Exercise in exact copying: restate word for word only the lines below from the one containing "当前位置: 91家纺网 >" through the one containing "เมื่อผู้ใช้อยู", omitting any pictures.

- [Data]:
☆ ☆ ☆ ☆
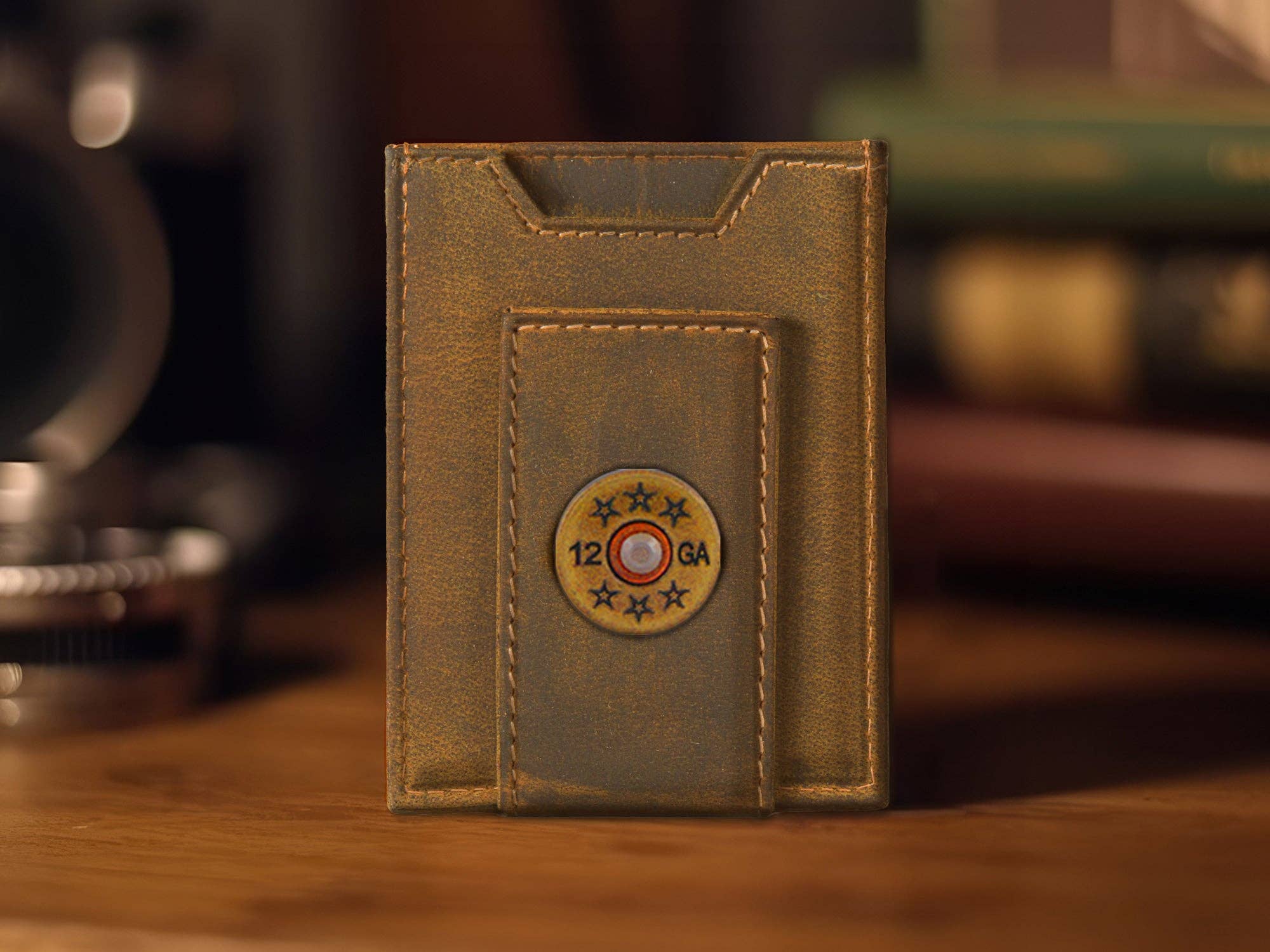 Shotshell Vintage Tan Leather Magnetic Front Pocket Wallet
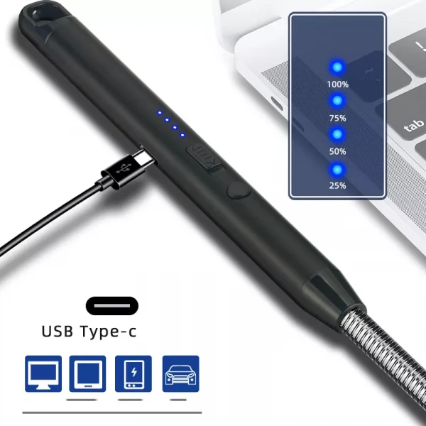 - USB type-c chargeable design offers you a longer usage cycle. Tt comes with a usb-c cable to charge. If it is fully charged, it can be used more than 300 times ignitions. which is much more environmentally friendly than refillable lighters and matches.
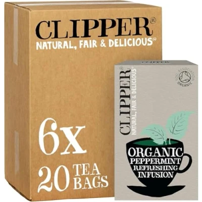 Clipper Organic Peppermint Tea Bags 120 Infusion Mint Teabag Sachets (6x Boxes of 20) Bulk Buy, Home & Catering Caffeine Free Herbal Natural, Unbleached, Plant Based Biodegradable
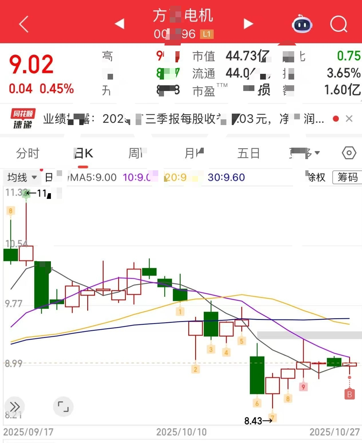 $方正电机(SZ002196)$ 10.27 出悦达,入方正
☆ ☆ ☆ ☆
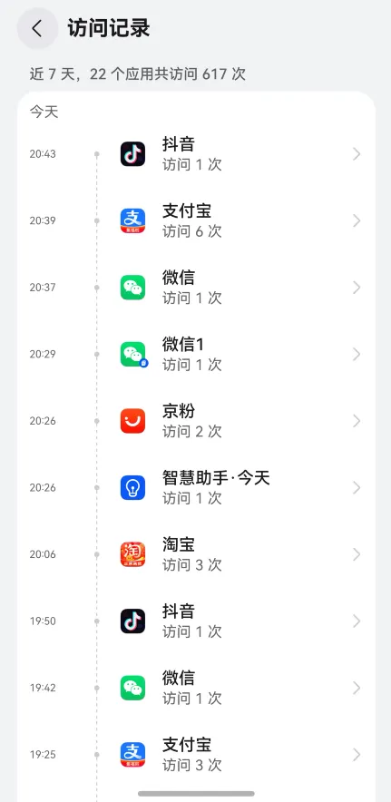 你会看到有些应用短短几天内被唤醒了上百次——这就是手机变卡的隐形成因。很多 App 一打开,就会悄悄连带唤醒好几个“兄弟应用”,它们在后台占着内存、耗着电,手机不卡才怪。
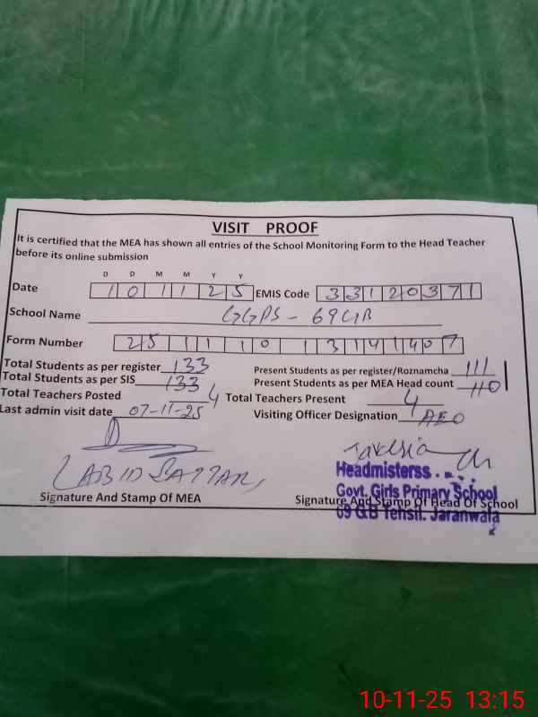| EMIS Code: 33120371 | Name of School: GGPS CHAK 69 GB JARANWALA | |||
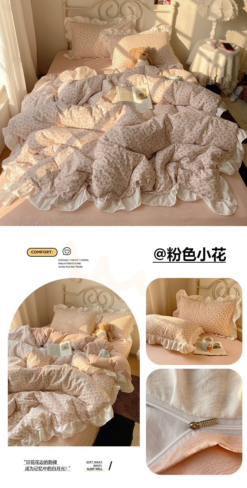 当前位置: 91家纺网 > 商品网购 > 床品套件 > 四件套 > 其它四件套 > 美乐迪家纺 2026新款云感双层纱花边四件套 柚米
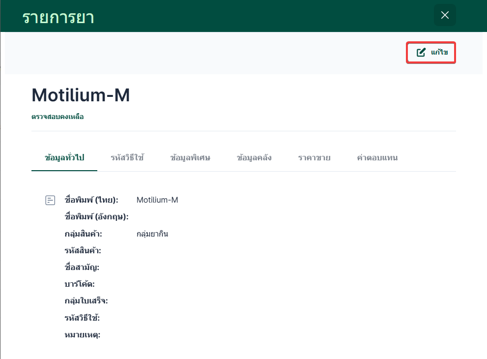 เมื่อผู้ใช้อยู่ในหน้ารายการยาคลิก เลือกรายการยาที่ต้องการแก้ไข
☆ ☆ ☆ ☆
- [Response]:
 当前位置: 91家纺网 > 商品网购 > 床品套件 > 四件套 > 其它四件套 > 美乐迪家纺 2026新款云感双层纱花边四件套 柚米
 เมื่อผู้ใช้อยู่ในหน้ารายการยาคลิก เลือกรายการยาที่ต้องการแก้ไข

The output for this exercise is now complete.